Given data:
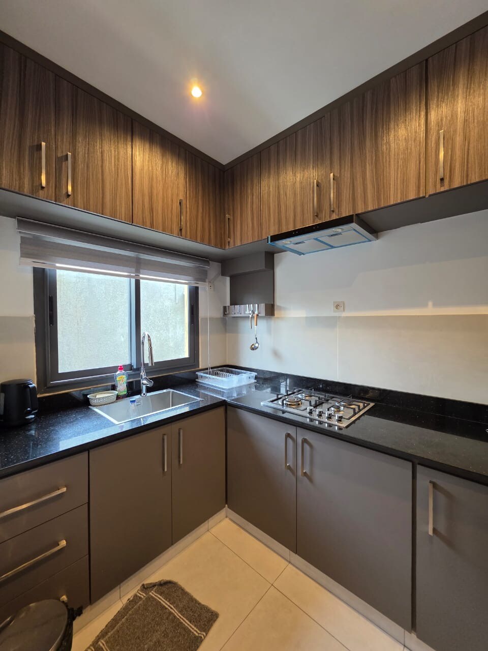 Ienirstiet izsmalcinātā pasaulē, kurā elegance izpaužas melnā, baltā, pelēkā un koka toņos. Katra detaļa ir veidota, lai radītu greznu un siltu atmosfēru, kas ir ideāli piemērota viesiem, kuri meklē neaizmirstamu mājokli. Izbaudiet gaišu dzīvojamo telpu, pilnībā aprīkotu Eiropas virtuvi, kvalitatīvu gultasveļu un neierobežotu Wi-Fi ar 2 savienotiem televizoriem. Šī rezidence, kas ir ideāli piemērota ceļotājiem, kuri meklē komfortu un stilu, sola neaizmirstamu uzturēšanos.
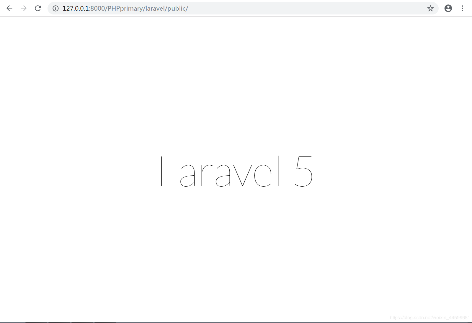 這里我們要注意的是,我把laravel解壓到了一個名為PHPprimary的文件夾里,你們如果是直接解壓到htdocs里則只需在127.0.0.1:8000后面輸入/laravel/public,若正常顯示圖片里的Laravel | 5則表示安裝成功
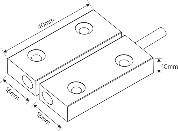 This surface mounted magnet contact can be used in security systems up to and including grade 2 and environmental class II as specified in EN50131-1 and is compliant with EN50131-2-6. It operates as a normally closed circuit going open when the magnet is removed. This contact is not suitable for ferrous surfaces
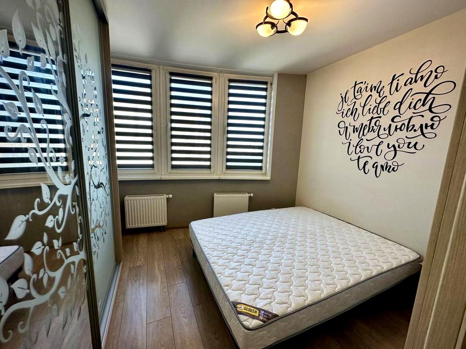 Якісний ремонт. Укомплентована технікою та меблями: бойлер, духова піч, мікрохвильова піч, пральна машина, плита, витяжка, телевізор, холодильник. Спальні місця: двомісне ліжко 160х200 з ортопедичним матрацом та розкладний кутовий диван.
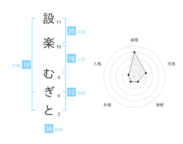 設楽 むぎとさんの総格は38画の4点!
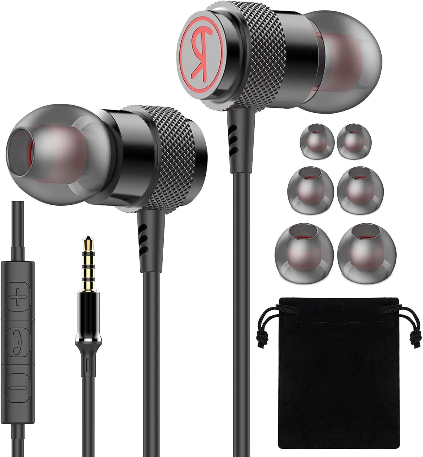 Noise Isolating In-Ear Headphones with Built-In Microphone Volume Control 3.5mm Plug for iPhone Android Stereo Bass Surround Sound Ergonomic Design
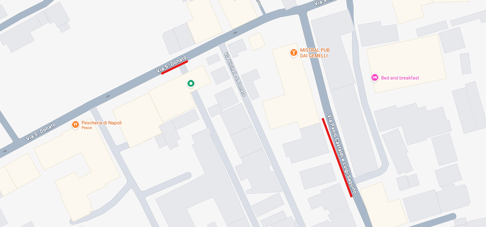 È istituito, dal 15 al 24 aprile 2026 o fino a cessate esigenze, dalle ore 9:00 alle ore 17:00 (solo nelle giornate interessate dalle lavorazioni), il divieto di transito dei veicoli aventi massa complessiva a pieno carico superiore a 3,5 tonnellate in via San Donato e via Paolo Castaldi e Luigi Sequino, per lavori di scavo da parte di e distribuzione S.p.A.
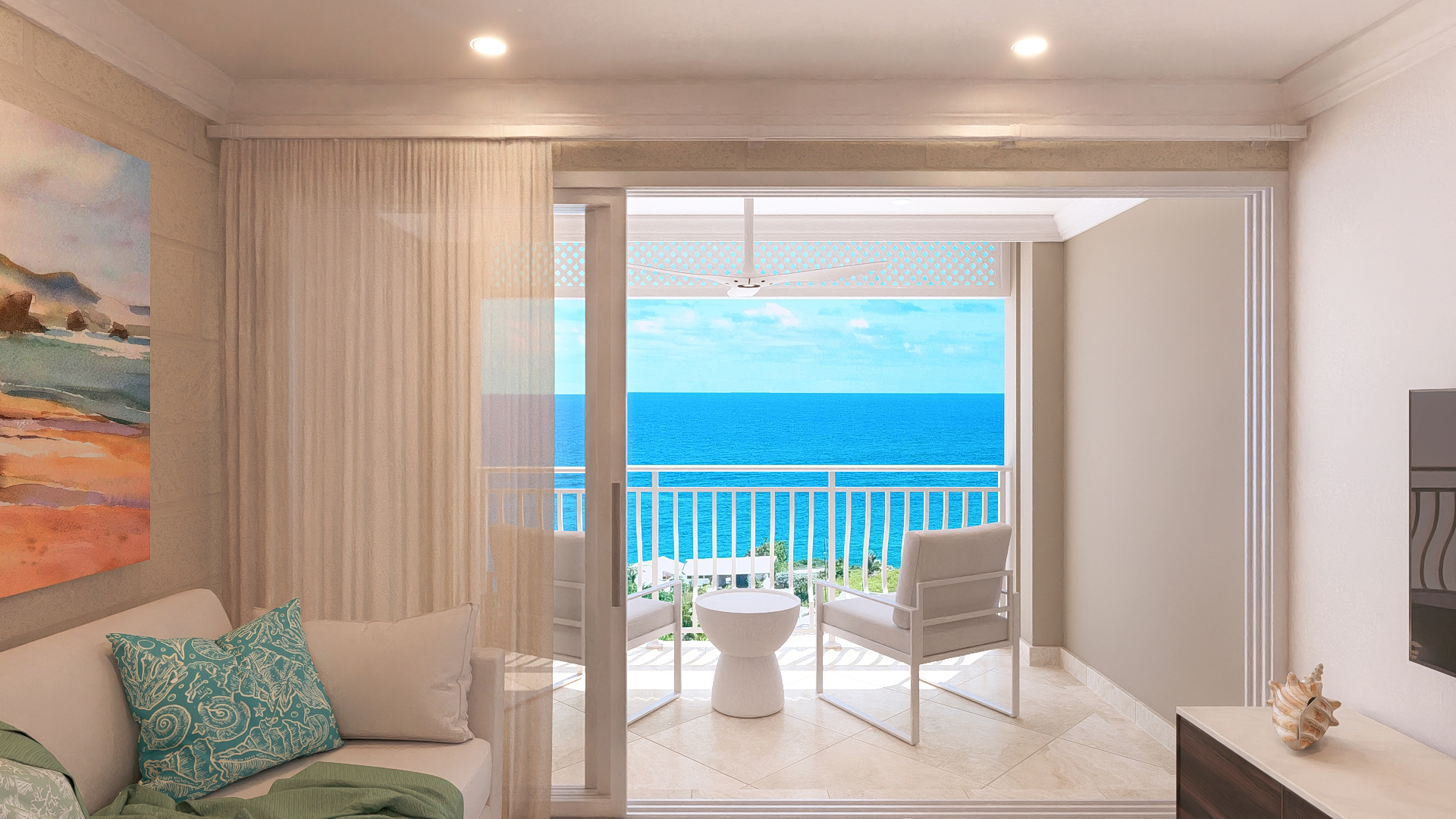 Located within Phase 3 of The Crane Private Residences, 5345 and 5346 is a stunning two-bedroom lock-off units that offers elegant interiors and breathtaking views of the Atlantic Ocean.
--
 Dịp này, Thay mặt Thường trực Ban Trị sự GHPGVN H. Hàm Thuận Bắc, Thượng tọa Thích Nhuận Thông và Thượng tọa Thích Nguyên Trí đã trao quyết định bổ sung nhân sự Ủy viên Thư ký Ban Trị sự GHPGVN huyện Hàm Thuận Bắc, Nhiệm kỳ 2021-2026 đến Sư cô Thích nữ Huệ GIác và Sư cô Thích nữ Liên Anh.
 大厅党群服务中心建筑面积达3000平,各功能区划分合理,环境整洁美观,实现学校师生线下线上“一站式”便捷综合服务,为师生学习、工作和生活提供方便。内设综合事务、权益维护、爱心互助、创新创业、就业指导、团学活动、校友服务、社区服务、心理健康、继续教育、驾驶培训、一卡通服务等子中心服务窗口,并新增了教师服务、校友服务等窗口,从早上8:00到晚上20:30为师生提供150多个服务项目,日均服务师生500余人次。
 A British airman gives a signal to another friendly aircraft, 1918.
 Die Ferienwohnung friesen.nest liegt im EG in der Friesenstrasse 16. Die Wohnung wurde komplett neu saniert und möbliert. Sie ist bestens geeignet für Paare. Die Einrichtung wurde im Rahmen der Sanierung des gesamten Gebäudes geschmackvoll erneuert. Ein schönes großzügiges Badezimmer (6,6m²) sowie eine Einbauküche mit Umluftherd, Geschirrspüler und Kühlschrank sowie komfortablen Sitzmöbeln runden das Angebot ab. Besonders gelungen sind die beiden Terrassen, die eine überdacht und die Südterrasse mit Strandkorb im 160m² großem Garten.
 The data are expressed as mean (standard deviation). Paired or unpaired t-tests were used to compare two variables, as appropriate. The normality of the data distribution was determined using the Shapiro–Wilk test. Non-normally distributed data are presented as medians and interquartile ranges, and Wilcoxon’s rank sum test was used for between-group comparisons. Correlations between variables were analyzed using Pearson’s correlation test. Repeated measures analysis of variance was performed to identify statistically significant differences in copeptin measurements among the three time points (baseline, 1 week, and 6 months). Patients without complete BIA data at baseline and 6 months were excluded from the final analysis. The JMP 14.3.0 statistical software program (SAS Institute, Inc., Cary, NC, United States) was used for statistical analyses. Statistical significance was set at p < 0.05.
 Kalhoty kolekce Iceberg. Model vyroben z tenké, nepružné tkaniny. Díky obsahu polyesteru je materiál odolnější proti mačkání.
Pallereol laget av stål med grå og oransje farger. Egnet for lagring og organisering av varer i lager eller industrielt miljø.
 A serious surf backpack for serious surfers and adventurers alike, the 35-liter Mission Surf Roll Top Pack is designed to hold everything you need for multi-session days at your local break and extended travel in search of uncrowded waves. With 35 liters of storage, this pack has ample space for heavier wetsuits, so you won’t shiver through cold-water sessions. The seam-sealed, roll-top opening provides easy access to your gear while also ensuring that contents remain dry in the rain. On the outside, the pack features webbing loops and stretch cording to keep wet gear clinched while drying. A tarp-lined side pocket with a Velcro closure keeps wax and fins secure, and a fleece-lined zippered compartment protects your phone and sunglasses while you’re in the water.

Directions: Everything from the line with "Ienirstiet izsmalcinātā pasaulē, kurā" through the line with "Located within Phase" in the material above should be transcribed exactly, except the pictures.

Output of the task:
 Ienirstiet izsmalcinātā pasaulē, kurā elegance izpaužas melnā, baltā, pelēkā un koka toņos. Katra detaļa ir veidota, lai radītu greznu un siltu atmosfēru, kas ir ideāli piemērota viesiem, kuri meklē neaizmirstamu mājokli. Izbaudiet gaišu dzīvojamo telpu, pilnībā aprīkotu Eiropas virtuvi, kvalitatīvu gultasveļu un neierobežotu Wi-Fi ar 2 savienotiem televizoriem. Šī rezidence, kas ir ideāli piemērota ceļotājiem, kuri meklē komfortu un stilu, sola neaizmirstamu uzturēšanos.
 這里我們要注意的是,我把laravel解壓到了一個名為PHPprimary的文件夾里,你們如果是直接解壓到htdocs里則只需在127.0.0.1:8000后面輸入/laravel/public,若正常顯示圖片里的Laravel | 5則表示安裝成功
 This surface mounted magnet contact can be used in security systems up to and including grade 2 and environmental class II as specified in EN50131-1 and is compliant with EN50131-2-6. It operates as a normally closed circuit going open when the magnet is removed. This contact is not suitable for ferrous surfaces
 Якісний ремонт. Укомплентована технікою та меблями: бойлер, духова піч, мікрохвильова піч, пральна машина, плита, витяжка, телевізор, холодильник. Спальні місця: двомісне ліжко 160х200 з ортопедичним матрацом та розкладний кутовий диван.
 設楽 むぎとさんの総格は38画の4点!
 Noise Isolating In-Ear Headphones with Built-In Microphone Volume Control 3.5mm Plug for iPhone Android Stereo Bass Surround Sound Ergonomic Design
 È istituito, dal 15 al 24 aprile 2026 o fino a cessate esigenze, dalle ore 9:00 alle ore 17:00 (solo nelle giornate interessate dalle lavorazioni), il divieto di transito dei veicoli aventi massa complessiva a pieno carico superiore a 3,5 tonnellate in via San Donato e via Paolo Castaldi e Luigi Sequino, per lavori di scavo da parte di e distribuzione S.p.A.
 Located within Phase 3 of The Crane Private Residences, 5345 and 5346 is a stunning two-bedroom lock-off units that offers elegant interiors and breathtaking views of the Atlantic Ocean.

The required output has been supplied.